We faced the same problem recently. It seems one solution is to set more job slots than the actual number of CPU. For your dual-core boxes you would have:

  * 2 slots of type 1, with type 1: cpus=1, ram=50%
  * 1 additional slot of type 2, with type 2: cpus=2, ram=100%

To make this possible you have to "lie" to Condor and to add the following attributes in your local configuration file:

  * NUM_CPUS=4
  * MEMORY=2*ActualMemory

Then you have to specify that a job should not start on a type1 slot if a type 2 slot is in use and vice versa.

Finally you can tag your multi-threaded jobs to run on type 2 slots. Ordinary jobs should run on type 1 slots as a default.

A good summary about what has been done on that- with interesting links as well- is here:

Hope this helps,

We have a small cluster of dual processor nodes. We want to be able
to submit jobs which contain a multi-threaded code through Condor.

Ideally, we want the job to claim both processors on the node - if we
use slots then the allocate can claim two slots on different nodes.

Is there anyway to specify this in the parallel job submission file
so that both 'slots' on the same node are claimed correctly?

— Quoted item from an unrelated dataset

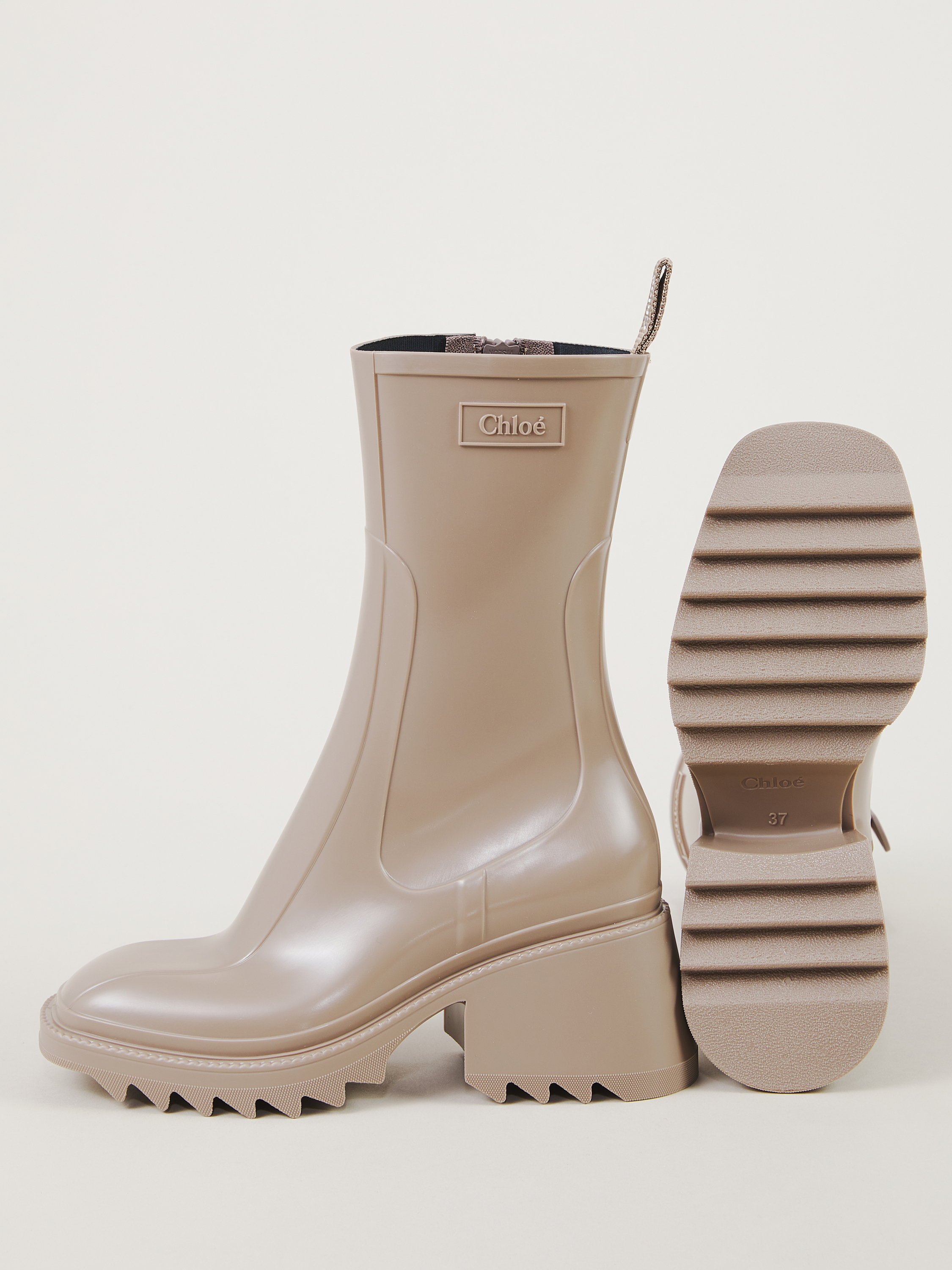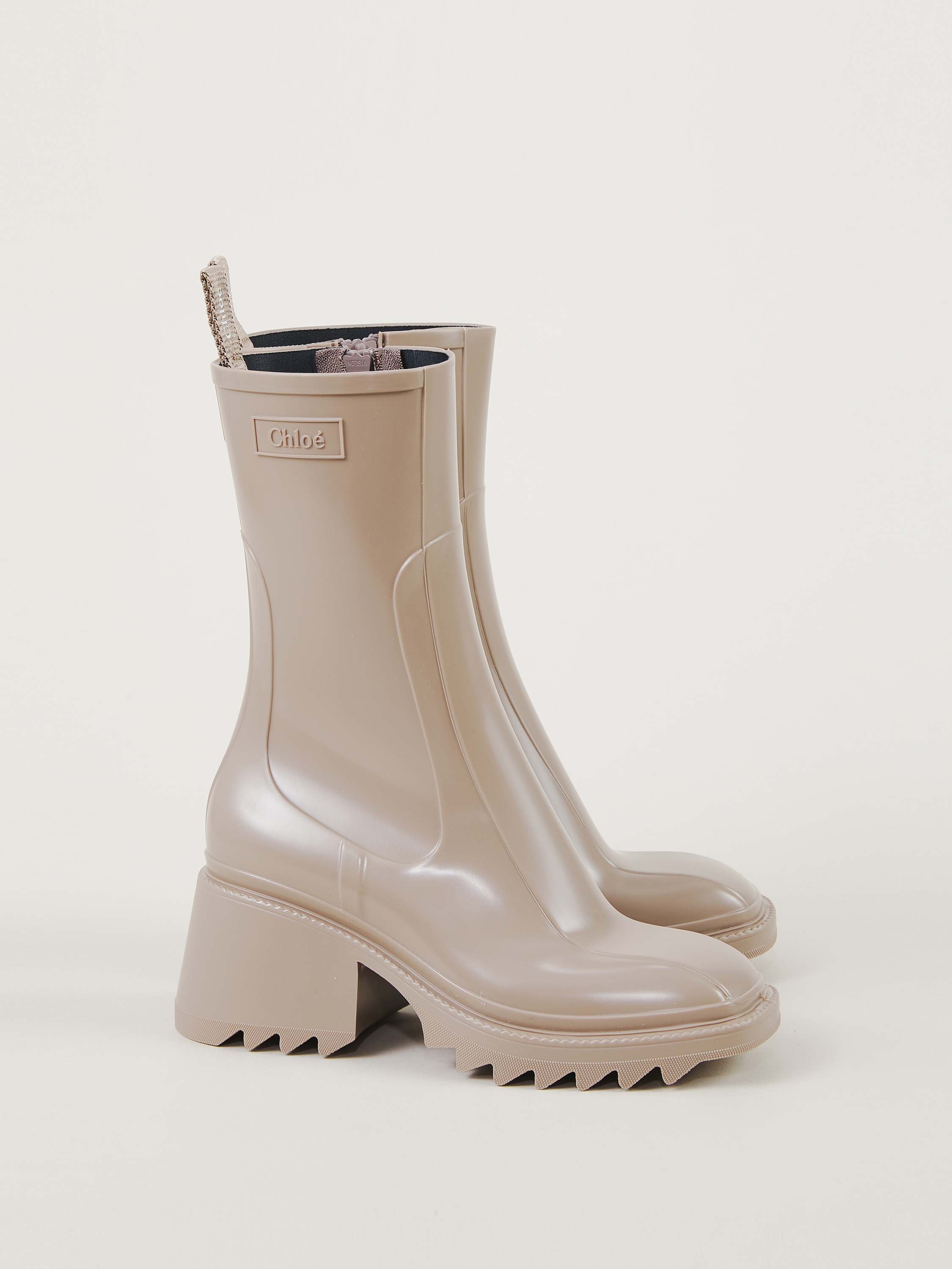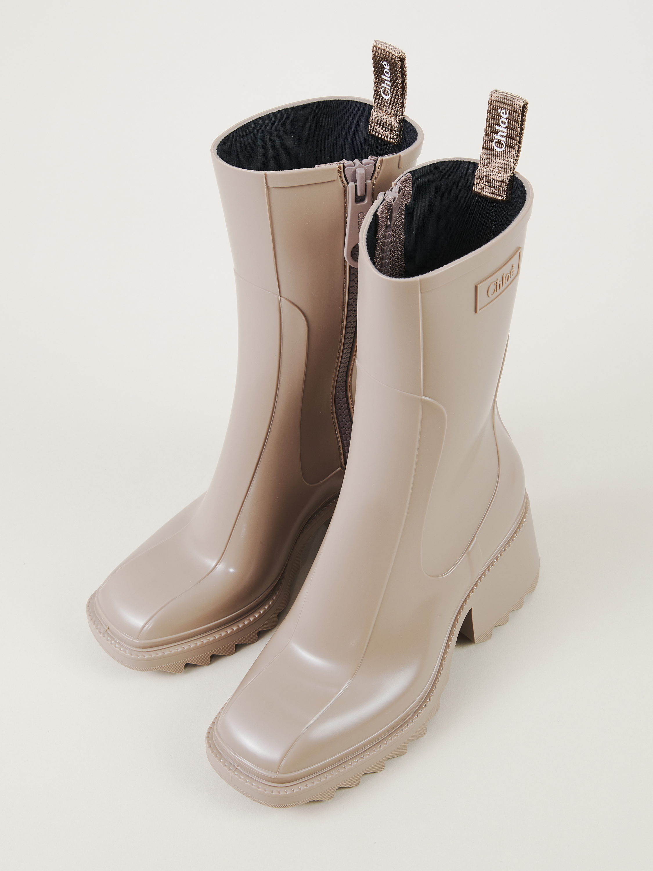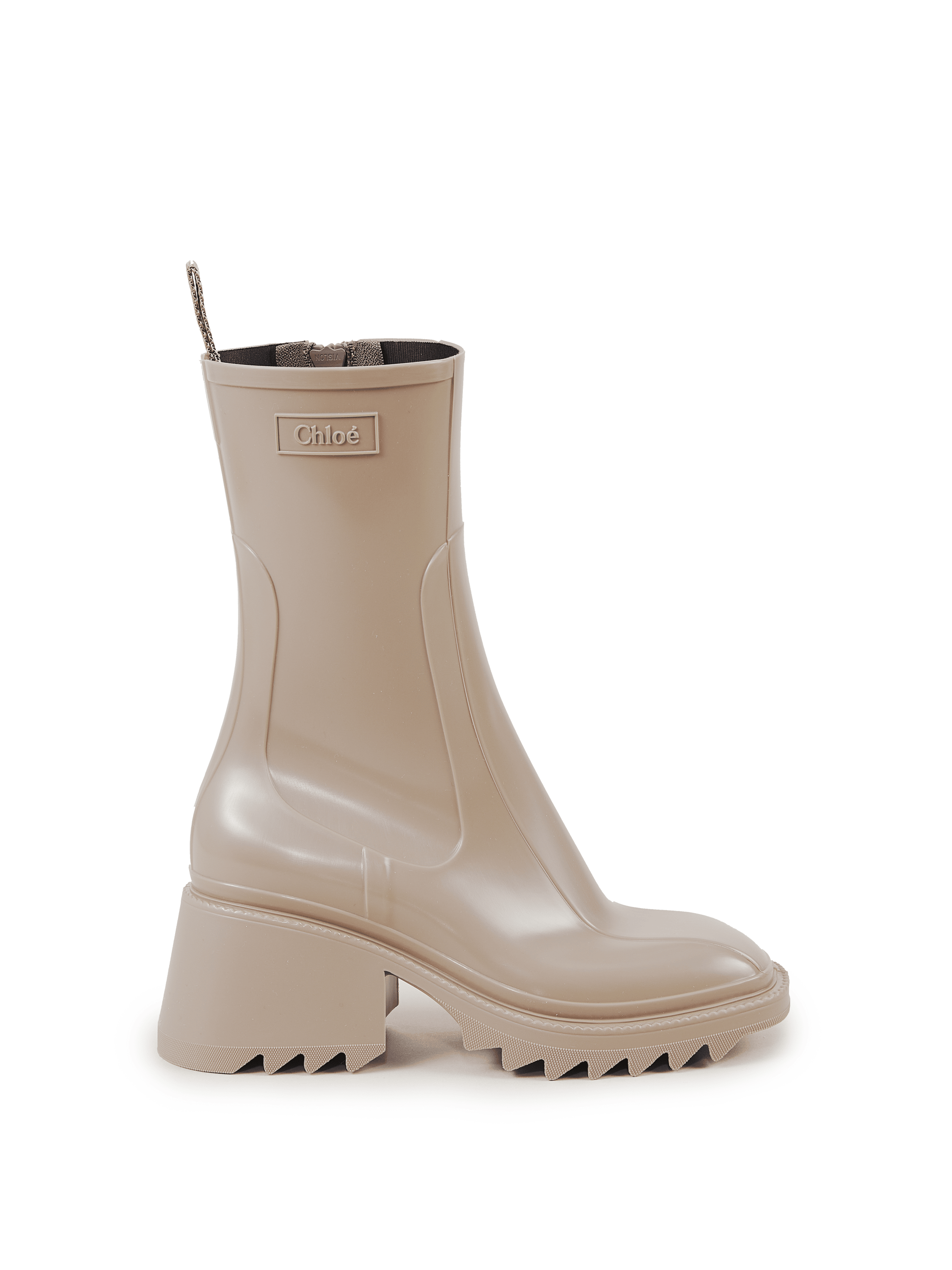 Der Regenstiefel 'Betty' von Chloé in Dark Greige wurde aus PVC gefertigt. Die eckige Zehenkappe, der Reißverschluss auf der Innenseite und der bequeme Absatz zeichnen das Design aus.

Right now there's no way to accomplish this without preemption (or
suspension). That is, you can't have Condor hold a slot free while the
other slot is running a non-parallel job so a parallel job in the queue
gets the whole machine.

What you can do is set up a machine so when a job tagged as being
"parallel" wants the machine it a) always runs in slot 1; and b) always
preempts the running job in slot2; and c) always sets the START
expression for slot2 to false when it's on the machine.

It's not an ideal solution but it's the only way to achieve this right
now. You could use suspension if you're not on Windows instead of
preemption for the job in slot2 which makes things a little better. Or
checkpointing so you don't loose forward progress from the job in slot2.

If you search the archives you'll find a thread about setting up
complicated inter-slot start expressions that have jobs suspending and
preempting jobs in other slots. I can't remember the title now. Sorry.
:( Maybe one of the Condor guys can jump in with a pointer to the
complicated setup. It was a university who was doing it, they gave a
talk at Condor Week a few years ago about it.

- Ian